Coinbaseは月曜日、Baseブロックチェーン上でトークン化された米国株式の提供を開始し、KrakenやBinanceなどと共に株式取引のオンチェーン化を目指す競争に参入した。
最初に提供する銘柄は米国市場を代表するApple(AAPL)、Nvidia(NVDA)、Meta(META)、Alphabet(GOOGL)で、これらのトークンは米国外の適格投資家向けに提供されている。Baseのブログによると、規制を受けるブローカー兼カストディアンのAlpacaが1対1で株式を保有している。
発行はCoinbaseが設立したアブダビグローバルマーケット(ADGM)の規制下で行われている。Coinbaseは初期ラインナップに加え、今後さらに多くの銘柄を追加予定であると述べた。
トークン化は様々な資産クラスで拡大しており、米国債やプライベートクレジット、投資ファンドのオンチェーン化が進む中、RWA.xyzのデータでは既に数百億ドル規模の資産が対象となっている。市場規模は大きく、Citiは2030年までにトークン化証券が5.5兆ドルに達すると予測している。
公開株のトークン化は暗号資産取引所やフィンテック企業、伝統的市場運営者の注目を集めており、株式のブロックチェーン上での取引・決済方法が模索されている。
トークン化株式の仕様には差異があり、裏付け資産や保有者の権利内容が市場での重要な分かれ目となっている。CoinbaseはBase上でB20フレームワークを用いてトークンを発行し、各トークンは裏付けとなる株式に対する直接的な請求権を表すと説明している。機関系マーケットメイカーが株式を購入し、ADGMの金融規制当局の監督下でAlpacaが破産隔離構造のもと保有する仕組みである。

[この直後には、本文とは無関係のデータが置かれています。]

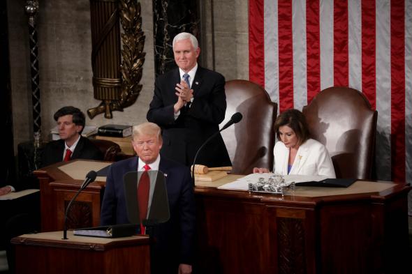 El homenaje de Trump a Guaidó fue recibido con una multitudinaria ovación en el pleno de la Cámara de Representantes, que acogía tanto a senadores como a congresistas, y con los aplausos, de pie y sonriendo, de la presidenta de ese hemiciclo, la demócrata Nancy Pelosi.
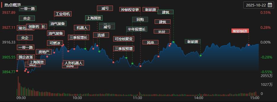 10月22日,A股延续震荡整理走势,三大指数早盘冲高后逐步回落,最终集体收跌。截至收盘,上证指数报2913.76点,下跌0.07%;深证成指跌0.62%,报12996.61点;创业板指跌0.79%,收于3059.32点。市场量能收缩态势显著,全市场总成交额16903亿元,较前一交易日缩量2024亿元,跌至近两个月次低位,投资者观望情绪明显升温。
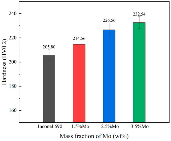 The average hardness values of Inconel 690 in the deposited state for the four Mo contents are shown in Figure 7. The hardness values of the samples increase with the increase of Mo elements. The hardness of the samples increased to 232.54 HV with the addition of 3.5 wt.% Mo. This is mainly attributed to the solid solution strengthening effect, where the lattice distortion caused by the solid solution of Mo elements increases the resistance to dislocation movement and makes the slip deformation of the metal more difficult, thus increasing the hardness of the alloy.
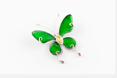 在清晨明亮的光線下,晶瑩的露珠在芳草上閃爍,更顯清新脫俗、嬌美可愛;翅膀閃耀著透明銀光的蝴蝶,在花間草葉上飛舞翩阡!熬G茵”系列透過精湛的切割技術與藝術設計,轉化為自然界中姿態曼妙的造物,呈現輕盈婉轉的線條;讓翡翠珠寶不只適于配戴,更成為現代藝術珍藏。
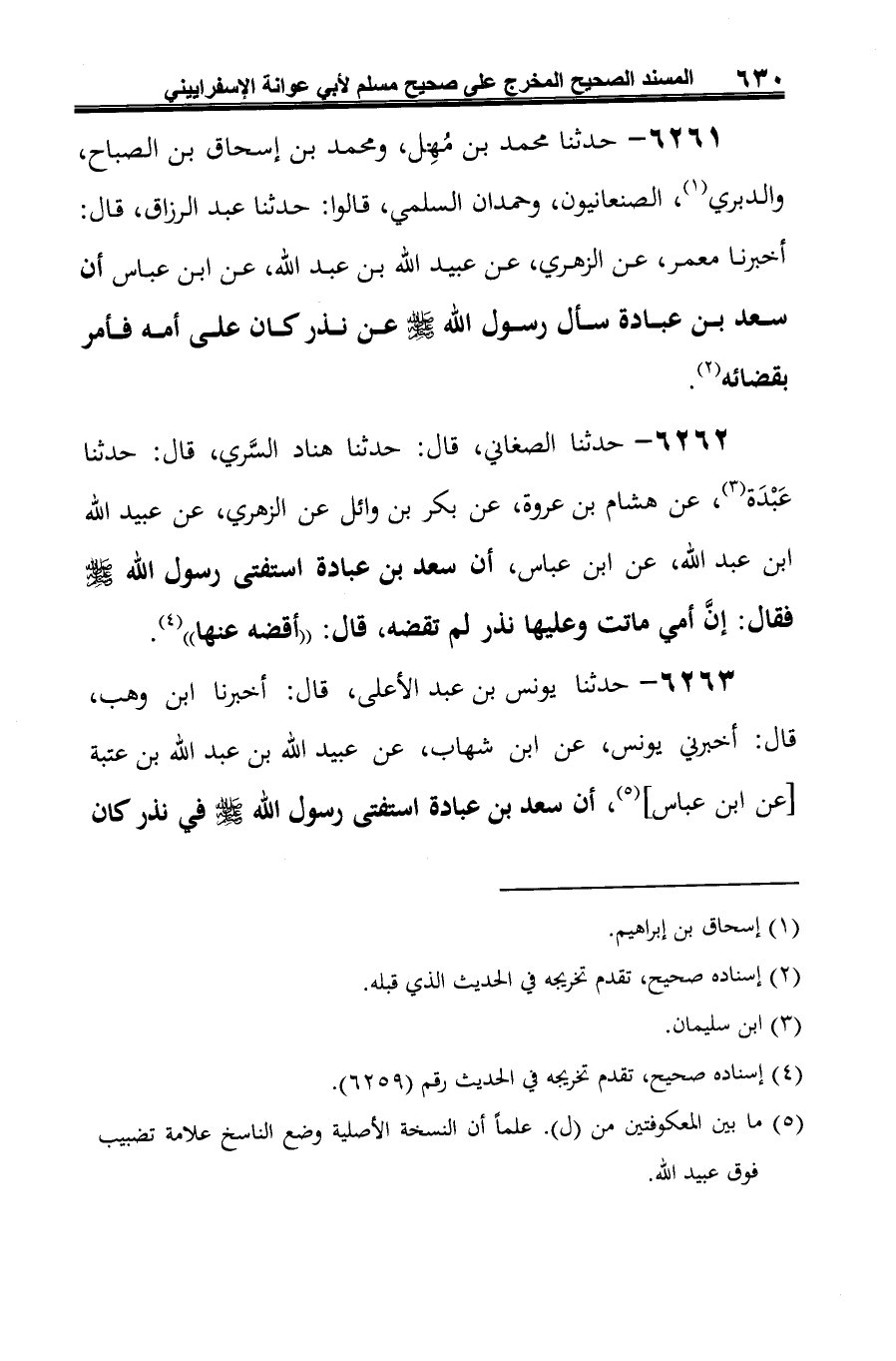 6261 - حدثنا محمد بن مُهِل، ومحمد بن إسحاق بن الصباح، والدبري (¬1)، الصنعانيون، وحمدان السلمي، قالوا: حدثنا عبد الرزاق، قال: أخبرنا معمر، عن الزهري، عن عبيد الله بن عبد الله، عن ابن عباس أن سعد بن عبادة سأل رسول الله صلى الله عليه وسلم عن نذر كان على أمه فأمر بقضائه (¬2).

配当や株式分割もトークンに反映され、発行後はウォレット間の移転にホワイトリストを必要としないとCoinbaseは述べている。
投資家は自己管理型ウォレットでトークンを保持可能で、Base上のオンチェーン取引所や分散型取引所Aerodromeなどを通じ24時間取引できる。トークンはブロックチェーンベースのため分散型金融(DeFi)アプリへのアクセスも可能で、株式を担保に借入れや他のオンチェーン市場での活用も期待されている。
さらにCoinbaseはChainlinkの価格データを採用し、トークン化株式の継続的な価格情報を提供することで、Base上の分散型取引所やレンディング市場、その他のDeFiアプリがこれら株式を担保や取引商品として活用できる価格フィードを実現している。